Thank you, @bruce . Most of these are customer routers in production (relying on them for daily remote work), so I can’t put them on beta until I’ve had time to test it myself more thoroughly, but I’m glad to hear it’s fixed and appreciate the reply!
In the interim I’ll just keep patching the hotplug. I’m assuming there are likely many new Brume3 customers out there sitting on stable that aren’t going if understand why everything suddenly stops working on the first time their Brume3 reboots while they’re abroad on travel.. and most aren’t going to know how to trace it to a DDNS bug (or how to workaround or that they need beta to fix it).
May want to consider a 4.8.4.x hotfix in the interim if 4.8.5 is going to take a while to migrate to stable.
I certainly understand that.. but GL can push a small fix update of the firmware to the gl-download center with a version bump, which would then prompt a firmware update notification to everyone via the admin panel - as is normal practice for most software/firmware vendors with critical fixes.
Obviously not ideal, but maybe worth consideration when the new flagship VPN appliance is broken at a core level for it’s primary purpose as a VPN server. Right now, every person having just purchased this and setting it up for VPN use is one reboot away from hitting this failure. I’ve deployed a few dozen of these for customers this past month, so I would assume there’s hundreds more doing the same right now.

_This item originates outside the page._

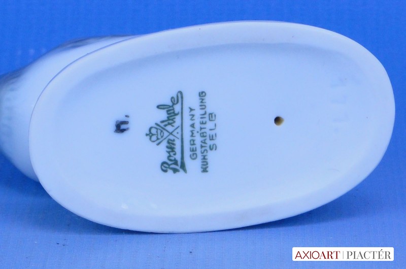 [1T504/Z040] Régi, hibátlan állapotú, talapzaton álló, szépen kidolgozott porcelán bohóc figura. Ritkán előforduló darab. Alján zöld koronás márkajelzés: ROSENTHAL SELB - BAVARIA Talapzaton formatervező neve: FRED. LIEBERMANN (Ferdinand Liebermann - Sculptor - szobrász, a Rosenthal legfontosabb, legnevesebb tervezője) Magasság: 15 cm Szélesség: 11.5 cm Súly: 0.205 kg   Ferdinand Liebermann Ferdinand Liebermann (1883–1941), the son of a toy manufacturer, was a German sculptor. He studied at the Munich School of Arts and Crafts and the Art Academy. After taking study trips to Rome and Paris, he opened a studio in 1910 in Munich. In the same year he received the Great Austrian Golden State Medal for a small bronze sculpture. Several exhibitions followed. He became one of the most important designers for the porcelain manufacturer Rosenthal AG. Liebermann’s work-spectrum encompasses bronze sculpturing, monumental sculpturing and memorials. In 1926 he received the professor title for monumental and portrait sculpturing in Munich.  After 1933, Liebermann  produced at the orders of the Nazi party 32 busts of Hitler (all 1½ life size), one of which was a commission from the city of Munich for the city hall. In appreciation he was made city councillor of the Capital of the Movement, the 'Haupstadt der Bewegung'. Liebermanns Führerbust was displayed at the XIX Venice Biennale 1934 ('Cancelliere del Reich Adolf Hitler') and also at the GDKs of 1937, 1938 and in the Münchener Kunstausttellungen 1934, 1940 and 1941. It is said that the busts designed by Liebermann were favoured by the German leader over all the others.  His sculpture 'L'Abbandoro' ('Abandoned') was displayed at the XIV Biennale 1924 in Venice; ‘Erhebung’ (‘Elevatione’ or ‘Elevation’) was displayed at the XIX Venice Biennale 1934 and later again at the GDK 1937, room 9. In 1938 his bronze ‘Abwehr’ (‘Defence’ or 'Ripulso') was displayed at the XXI Venice Biennale. Liebermann also completed a bronze bust of Hitler's half-niece Geli Raubal, who had shot herself in Hitler’s apartment in 1931. From this bust Hitler had numerous copies made for display in his residences.  At the Great German Art Exhibitions Ferdinand Liebermann was represented with 16 works, among them the two Hitler busts, the relief 'Wille’ (design for the Freikorps-monument), a bust of Riechsleiter Alfred Rosenberg, Reichsleiter Amann and two 'Kampf' sculptures.  In 1941, the year of his death, he created the massive sculpture for the  Freikorpsdenkmal in Munich. In the possession of the Bayerische Staatsgemäldesammlungen are the following works: 'Eva' (GDK 1939 room 35), 'Abwehr', 'In Erwartung', Frisches Lachen', 'Paolo', 'Rhythmus' and 'Knabe auf einem Waller reitend'. A copy of 'Eva' in bronze (72 cm high) was displayed at the exhibition ‘Kunst im 3. Reich, Dokumente der Unterwerfung’; the exhibition, instigated by the Frankfurter Kunstverein, was held from 1974 to 1975 in Frankfurt, Hamburg, Stuttgart, Ludwigshafen and Wuppertal.Ferdinand Liebermann: Ferdinand Liebermann: (1883–1941), the son of a toy manufacturer, was a German sculptor. He studied at the Munich School of Arts and Crafts and the Art Academy. After taking study trips to Rome and Paris, he opened a studio in 1910 in Munich. In the same year he received the Great Austrian Golden State Medal for a small bronze sculpture. Several exhibitions followed.r He became one of the most important designers for the porcelain manufacturer Rosenthal AG. Liebermann’s work-spectrum encompasses bronze sculpturing, monumental sculpturing and memorials. In 1926 he received the professor title for monumental and portrait sculpturing in Munich.  After 1933, Liebermann  produced at the orders of the Nazi party 32 busts of Hitler (all 1½ life size), one of which was a commission from the city of Munich for the city hall. In appreciation he was made city councillor of the Capital of the Movement, the 'Haupstadt der Bewegung'. Liebermanns Führerbust was displayed at the XIX Venice Biennale 1934 ('Cancelliere del Reich Adolf Hitler') and also at the GDKs of 1937, 1938 and in the Münchener Kunstausttellungen 1934, 1940 and 1941. It is said that the busts designed by Liebermann were favoured by the German leader over all the others.  His sculpture 'L'Abbandoro' ('Abandoned') was displayed at the XIV Biennale 1924 in Venice; ‘Erhebung’ (‘Elevatione’ or ‘Elevation’) was displayed at the XIX Venice Biennale 1934 and later again at the GDK 1937, room 9. In 1938 his bronze ‘Abwehr’ (‘Defence’ or 'Ripulso') was displayed at the XXI Venice Biennale. Liebermann also completed a bronze bust of Hitler's half-niece Geli Raubal, who had shot herself in Hitler’s apartment in 1931. From this bust Hitler had numerous copies made for display in his residences.  At the Great German Art Exhibitions Ferdinand Liebermann was represented with 16 works, among them the two Hitler busts, the relief 'Wille’ (design for the Freikorps-monument), a bust of Riechsleiter Alfred Rosenberg, Reichsleiter Amann and two 'Kampf' sculptures.  In 1941, the year of his death, he created the massive sculpture for the  Freikorpsdenkmal in Munich. In the possession of the Bayerische Staatsgemäldesammlungen are the following works: 'Eva' (GDK 1939 room 35), 'Abwehr', 'In Erwartung', Frisches Lachen', 'Paolo', 'Rhythmus' and 'Knabe auf einem Waller reitend'. A copy of 'Eva' in bronze (72 cm high) was displayed at the exhibition ‘Kunst im 3. Reich, Dokumente der Unterwerfung’; the exhibition, instigated by the Frankfurter Kunstverein, was held from 1974 to 1975 in Frankfurt, Hamburg, Stuttgart, Ludwigshafen and Wuppertal.

GL has pushed version bumps for mostly single features such as AmneziaWG.. I would argue this is significantly more worthy and impacting to customers.
Regardless. I appreciate the response and updates.
I was looking for that previous Brume 3 DDNS thread on Discord earlier, but I couldn't find it either. Sorry about this.
Regarding the device sharing, yes, you'll need to email us or DM me on Discord with your Brume 3's MAC address and login password so I can access it via SSH to take a look.
There is a new beta firmware available now, it fixed the DDNS issue for Brume3.
You might want to try that first, and if you're still having issues, feel free to reach out to us again.